This research investigates variation in tree species diversity, community composition, and aboveground biomass across the main land-cover types of a highly fragmented TDF landscape in Ecuador. We aim to fill gaps in knowledge about biodiversity conservation over a broader range of land-cover types, including managed land-uses, and to provide critical information about floristic composition and species diversity for a TDF region less documented in the scientific literature.
Methods
Study Area
The study landscape encompasses an area of about 36,000 ha of semi-deciduous tropical vegetation between the towns of Pedernales (0°4’20’’N 80°3’0’’W) and Jama (0°12’07’’S 80°15’49’’W) (Figure 1), considered the largest remnant of this vegetation type in Ecuador (Neill, 1999). Lowland semi-deciduous tropical vegetation extends along the coast approximately 20 km inland with elevations of 100–400 m. This vegetation type is characterized by temperatures around 25°C with little seasonal variation, annual precipitation of about 1500–2500 mm with a dry season of around 4 months with precipitation as low as 3 mm per month (Josse & Balslev, 1994; Neill, 1999). The terrain includes steep slopes with valleys used for agriculture and cattle ranching. Semi-deciduous forest canopy cover varies; some forests have relatively open canopies and dense understories while others have more closed canopies with lower understory development. Some tree species are thorny and some lose their leaves during the dry season (e.g., Cochlospermum vitifolium and Tabebuia chrysantha). Species characteristic of this vegetation type include Gallesia integrifolia (Phytolacaceae), Triplaris cumingiana and Cocoloba mollis (Polygonaceae), Pseudolmea rigida (Moraceae), and Eugenia spp. (Myrtaceae) (Sierra, 1999).
Figure 1.
Study area in coastal Ecuador. A: Land-cover classification from Haro-Carrión & Southworth (2018), "Secondary forest" includes secondary and degraded forests;; B: Location of sampling sites for mature and secondary forests; C: Detail of forest – pasture edges.
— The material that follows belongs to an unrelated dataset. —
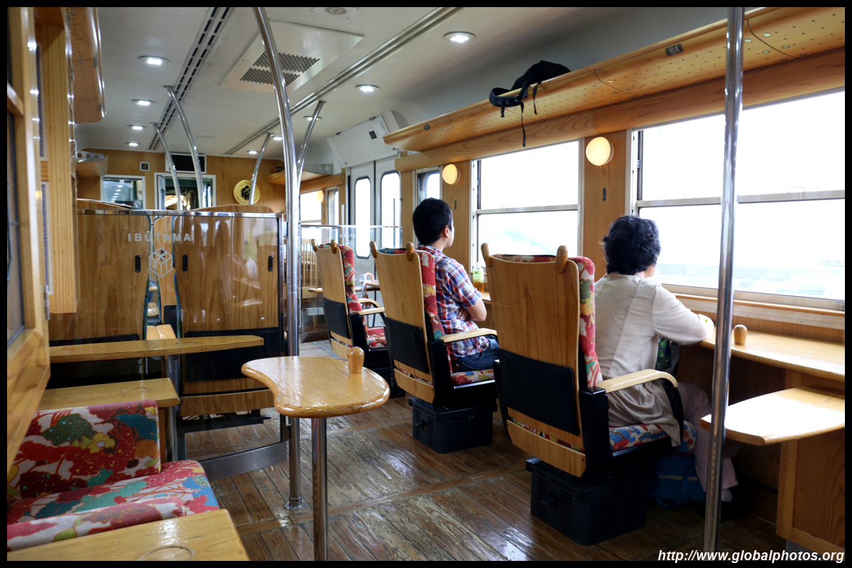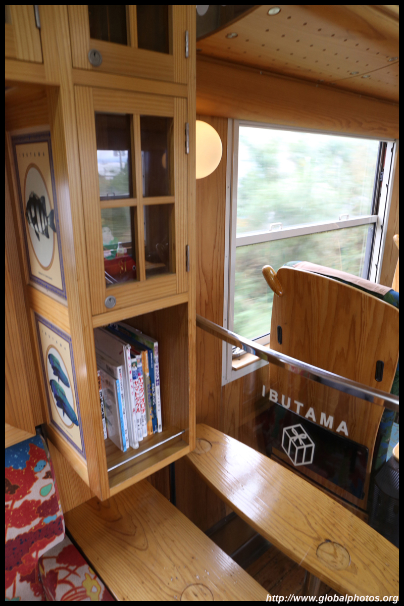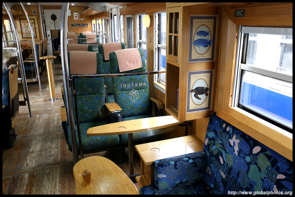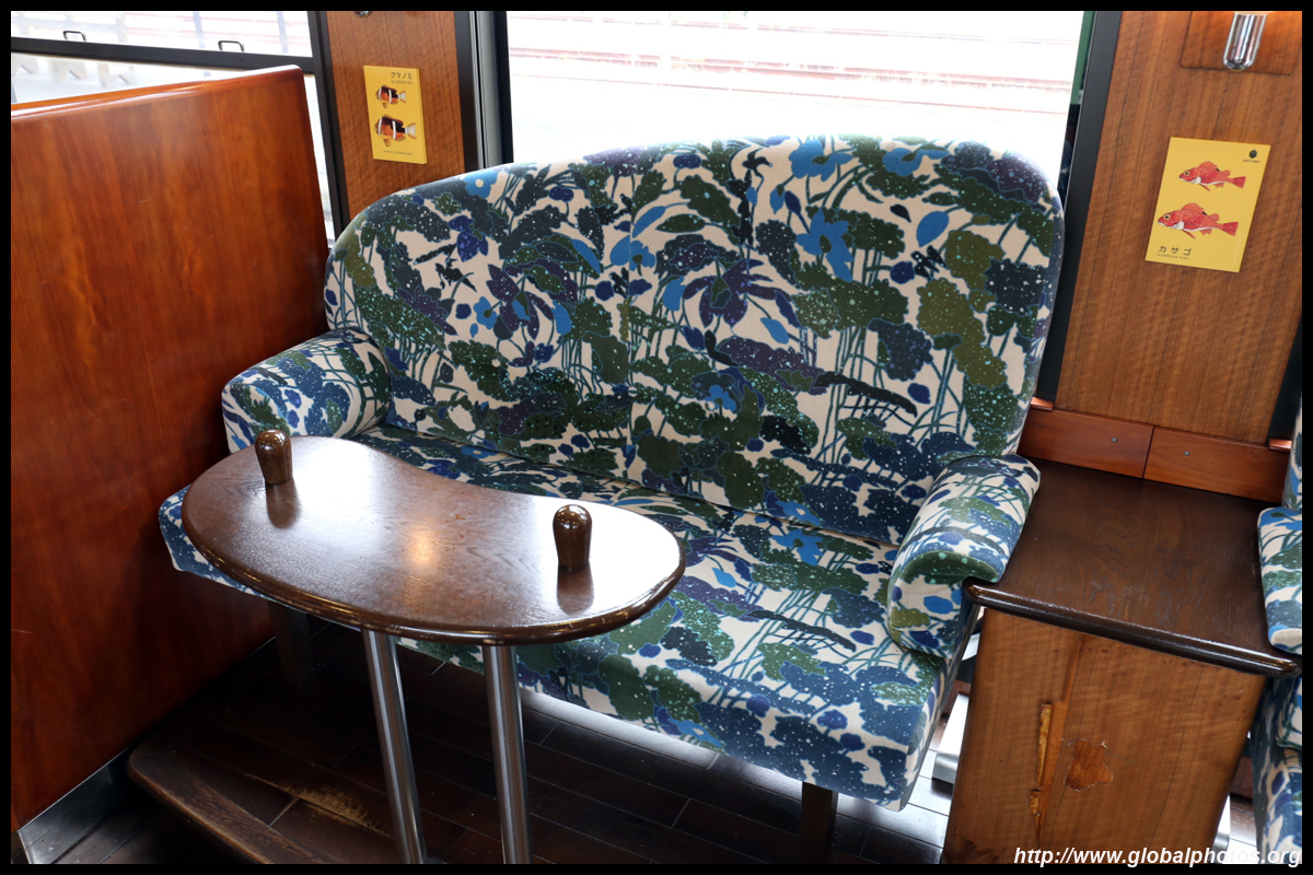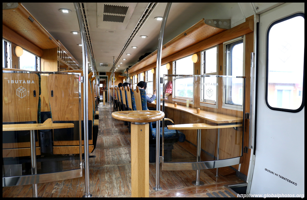 Perhaps the best part of the day was the train ride leaving town. The Limited Express Ibusuki no Tamatebako is comfortably-decorated with window-facing bar seats, cedar wood furnishings, sofas, and even a special section for kids.

The landscape is about 40% forested, with about half relatively well-preserved forests while the other half is either severely degraded (i.e. selectively logged) or secondary. The major land-cover types in the study area include mature forest (MF), secondary (SF) and degraded forest, pasture, and forestry plantation (PL) (Haro-Carrión & Southworth, 2018) (Figure 1A). MF with many old-growth characteristics but some previous anthropogenic disturbances (e.g., light selective logging) accounts for about 15% of the landscape. Some MF occurs in slopes, likely because these areas are less suited for cattle, but some occur in relatively flat areas and by the coastline because of land-management choices. A couple are now protected in private reserves. SF results from pasture abandonment or pasture-fallow cycles. They are reported to be about 25 years old by landowners, which in the majority of cases was corroborated by remote sensing (Haro-Carrión & Southworth, 2018). The extent of SF in the landscape is not fully known because degraded and SF are difficult to differentiate using Landsat data, but together they account for about 25% of the landscape (Haro-Carrión & Southworth, 2018). Accounting for about 50% of the study area, pasture dominates the landscape and is planted with exotic grass species used in cattle ranching. Typically, pastures have scattered trees of several different species that provide shade for the cattle (Figure 1B and C). Even-aged mono-cultural PL of teak (Tectona grandis), pachaco (Schizolobium parahyba), and balsa (Ochroma pyramidale) cover about 10% of the landscape. Teak and pachaco PL were estimated to be 15–20, and balsa PL 10–15 years old. The study area is considered a biodiversity hotspot because of low cover of native vegetation and its exceptionally high species diversity and endemism (Myers et al., 2000).
Field Data Collection
Field inventories during the summers of 2010 and 2012 were used to estimate aboveground biomass and tree diversity in all major land-cover types. The entire study area is characterized by privately owned property. We attempted to sample across the entire study area, but site selection was constrained by the ability to secure permission to access and sample sites. An average distance of approximately 7,500 m separates MF and SF sites from one another, but some are less than 500 m apart. SF typically bordered both pastures and MF while PL of all types were typically embedded in the pasture matrix (Figure 1B).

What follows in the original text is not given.